"Hopefully you'll be talking to us at the end of the regatta [on Saturday]," says Rob, a 48-year-old adviser at Horticentre, who has been sailing for 35 years but will be in a vessel with his son for the first time.
"We've gone out on a bigger boat together for a cruise but it'll actually be the first time we've ever raced together."
Rob and Noah had their first training sail yesterday for a couple of hours in light, shifty winds and the father was happy with how his son handled the jib, lifted the centreboard and got the pole out when they went downwind.
The former Napier Intermediate pupil, who has been sailing since he was 8, is adept in controlling a Starling class single-person boat.
The following weekend he will compete in the Starling class at the North Island Championship in Wellington.
Rob, who usually sails in the OK Dinghy class, says the skills are transferable between classes.
While he and Hans had given the youngster a taste of sailing, most of the formal training was a credit to the various club mentors Noah had received coaching from via various programmes from numerous classes, and what he had gleaned from competing at other regattas.
However, Noah came into the Windsong equation for the Hartley 16 when crew member Adrian Coulthard broke his collarbone after falling off his mountainbike.
But Coulthard's loss is Noah's gain and the youngster should thrive in the easterly breezes as a lightweight.
While no love will be lost between Hans and Rob on the water, the latter is quick to acknowledge his love for sailing and how instrumental the elder Hengst has been in fuelling that passion.
A club member gifted Windsong to Hans two years ago so the retired builder turned it into a winter project, patiently and laboriously modifying the 16-footer (4.8m) vessel into a racing breed.
"He took 150 kilos of weight out of it," says Rob of his father, who is a life member of the club and tends to volunteer his time repairing junior members' boats free of charge.

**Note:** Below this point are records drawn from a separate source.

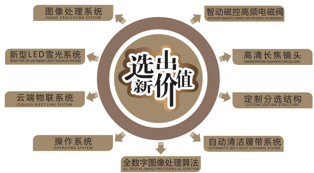 3、高敏感CCD傳感器擁有5340像元和12K掃描速度,配合獨特的掃描方式,讓機器可以選別120目顆粒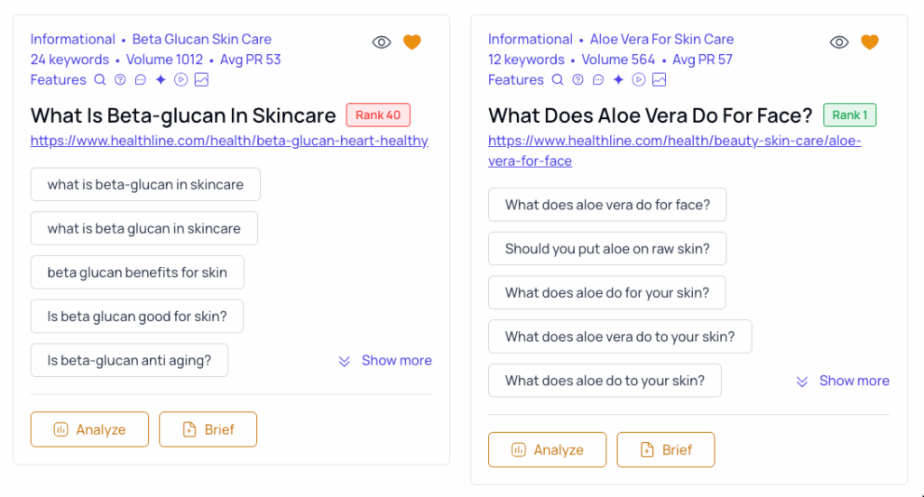 - Integrated Content Workflow: thruuu isn’t just a clustering tool. It is connected to a powerful content brief and audit system, allowing you to:
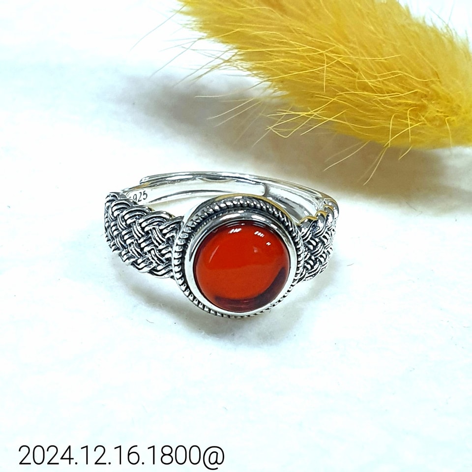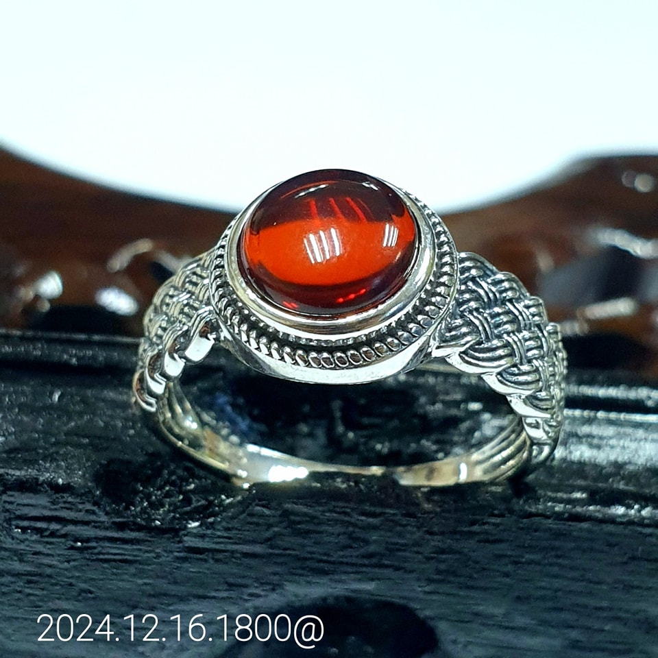✔ 材質:純銀戒托,鑲嵌天然血珀,溫潤透亮
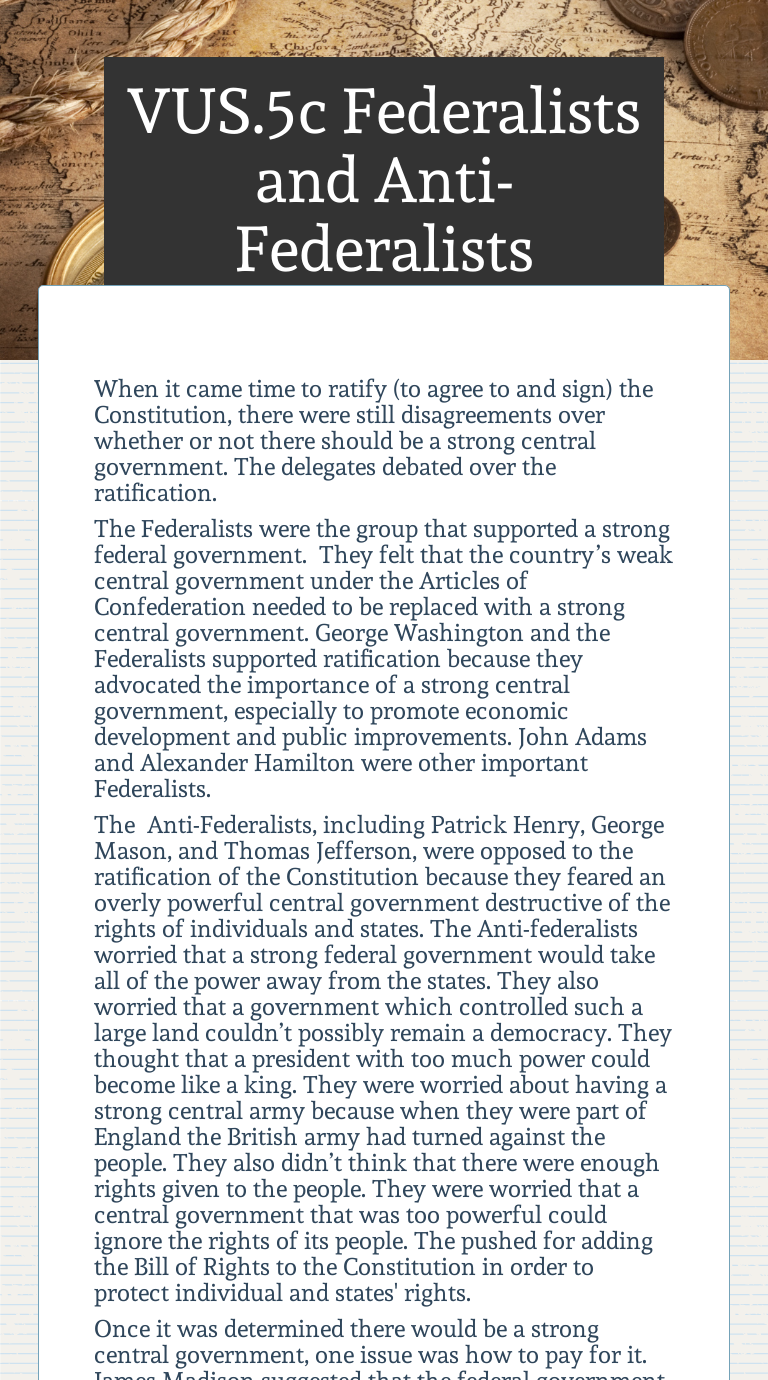 VUS.5c Federalists and AntiFederalists Interactive Worksheet by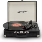 ByronStatics Tocadiscos Vinilo – Reproductor discos vinilo Bluetooth, 3 velocidades, altavoces estéreo integrados, aguja repuesto, salida línea RCA, entrada AUX, maleta portátil vintage (Negro)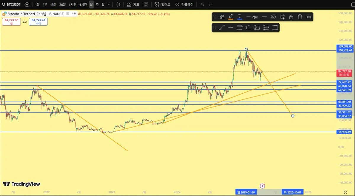 비트코인 일봉 트레이딩 뷰에서의 지지선/저항선/추세선 작도한 내역입니다.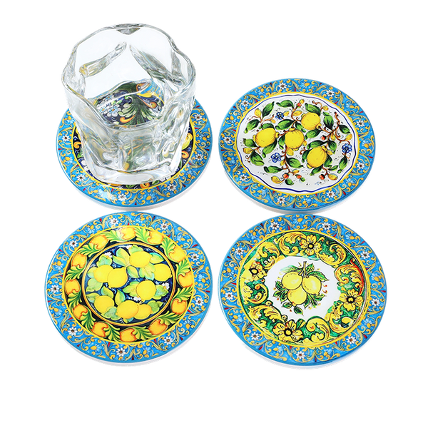 Brighten up your table setting with this set of 4 round coasters, each featuring a lively and colourful lemon design. Perfect for protecting your surfaces from heat marks, water rings, and spills, these coasters combine practicality with a fresh, Mediterranean-inspired style that brings a cheerful touch to any kitchen or dining space.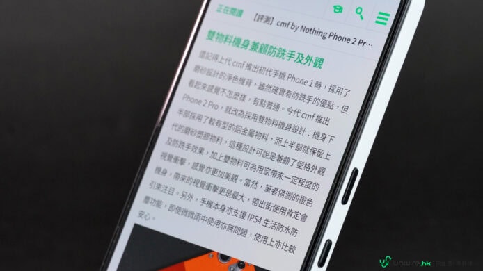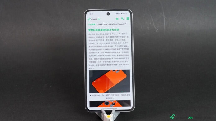 雖然 Glyph 燈效有點令人失望,但其他部分 Phone (3a) Lite 的表現卻有一定驚喜。首先是它的熒幕,Phone (3a) Lite 內建了 6.77 吋大尺寸熒幕,不但解析度達到 2392 x 1080 FHD+,更新率亦可高達 120Hz,而且更是 AMOLED 材質。除了硬件配置不俗外,用來瀏覽內容時筆者亦覺得十分理想,文字清晰銳利,熒幕亦因為支援 10 -bit 色深,可呈現達 10.7 億種色彩,令色彩鮮明而不失自然感。而且在戶外使用熒幕亮度可達到 1300 尼特,欣賞 HDR 影片時峰值亮度更可高達 3000 尼特,無論在任何地方瀏覽內容,都不會擔心亮度不足而影響瀏覽體驗。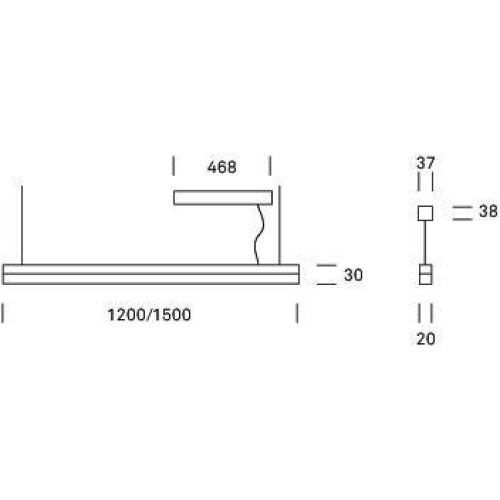 dimmbar DALI/TouchDim L: 1500 mm, Betriebsgerät 230 V/50 Hz, Stahlseilabhängungen L=2500 mm, Kabel transparent L=2500 mm, Leuchtenschutzklasse I, Leuchtenschutzgrad IP 20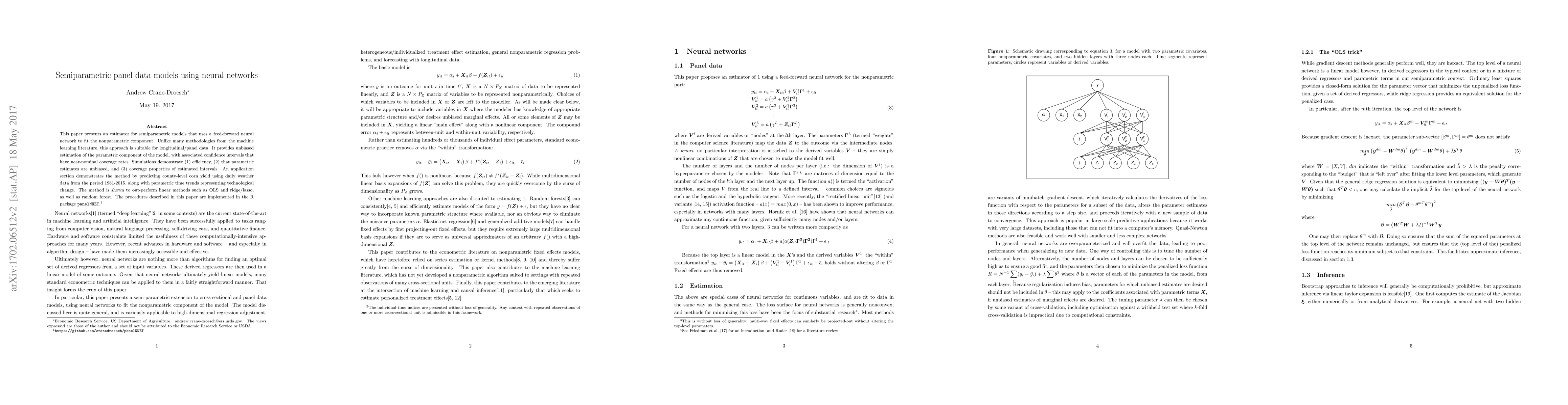 This paper presents an estimator for semiparametric models that uses a feed-forward neural network to fit the nonparametric component. Unlike many methodologies from the machine learning literature, this approach is suitable for longitudinal/panel data. It provides unbiased estimation of the parametric component of the model, with associated confidence intervals that have near-nominal coverage rates. Simulations demonstrate (1) efficiency, (2) that parametric estimates are unbiased, and (3) coverage properties of estimated intervals. An application section demonstrates the method by predicting county-level corn yield using daily weather data from the period 1981-2015, along with parametric time trends representing technological change. The method is shown to out-perform linear methods such as OLS and ridge/lasso, as well as random forest. The procedures described in this paper are implemented in the R package panelNNET.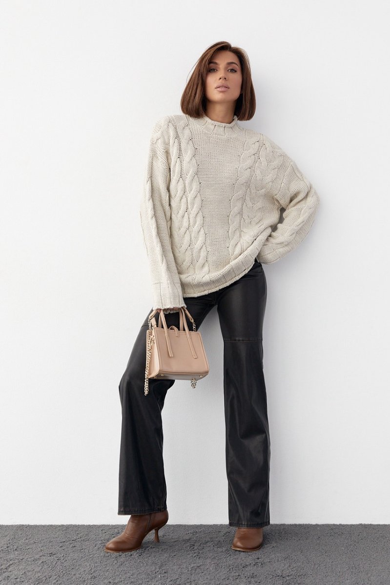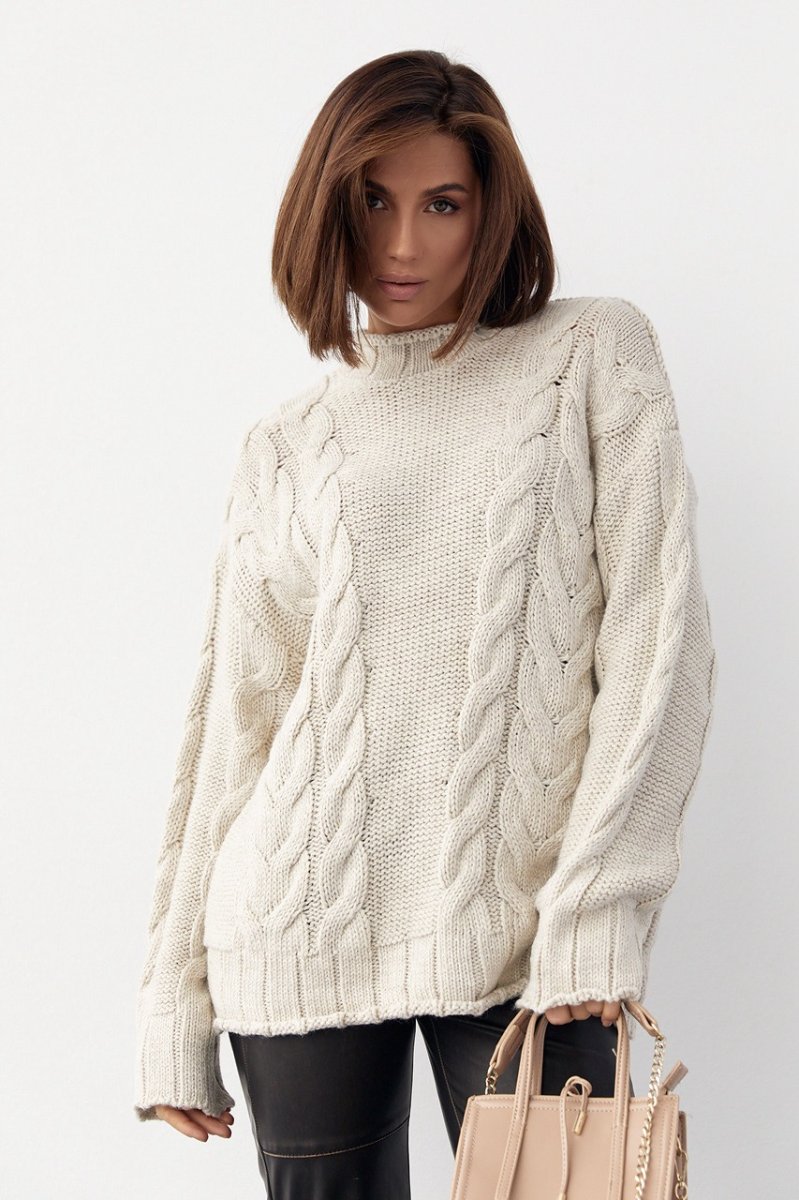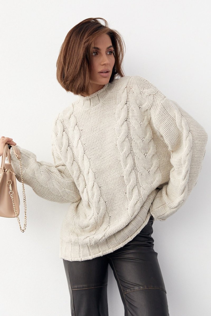 Супер теплий жіночий светр oversize із крупної в'язки і прикрашений косами стане твоєю улюбленою базою в холодний сезон! Носи його зі стильними штанами, джинсами чи лосинами та насолоджуйся результатом.

Born in the Netherlands, Hans built a little dinghy as a teenager (not long after WWII) and taught himself how to sail.
"In the 1950s there was a mass exodus of Europeans so for £10 he came over to New Zealand and worked in Wellington," says Rob, before moving to Hawke's Bay.
As a father, Hans built his children a boat when they were 5 years old and taught them the art of sailing before buying a Hartley 16 for himself.
"I actually crewed for him at his very first nationals when I was 13 years old," says a laughing Rob, revealing his father never won a nationals title.
However, Rob has finished runner-up and third in his four outings at the nationals.
His mother, Mary, wasn't into sailing but was a staunch supporter from afar.
It's a starkly different story with Rob's partner, Emma Steiner, though.
"She's going to be on the start boat of our race course," he says.
Steiner is a national champion, claiming the Hartley 16 bragging rights with Napier club mate Chris Reid at the championship in New Plymouth in 2008.
Napier club commodore Paul Redman says it was the first time in 30 years the the club hadn't hosted a New Year's Regatta at the waterfront.
"I guess it's a sign of times with so many family things going on nowadays," says Redman, emphasising the regatta in November has replaced the New Year one.
He says the Hartley 16 will be the biggest class at the nationals with 25 boats vying for the crown.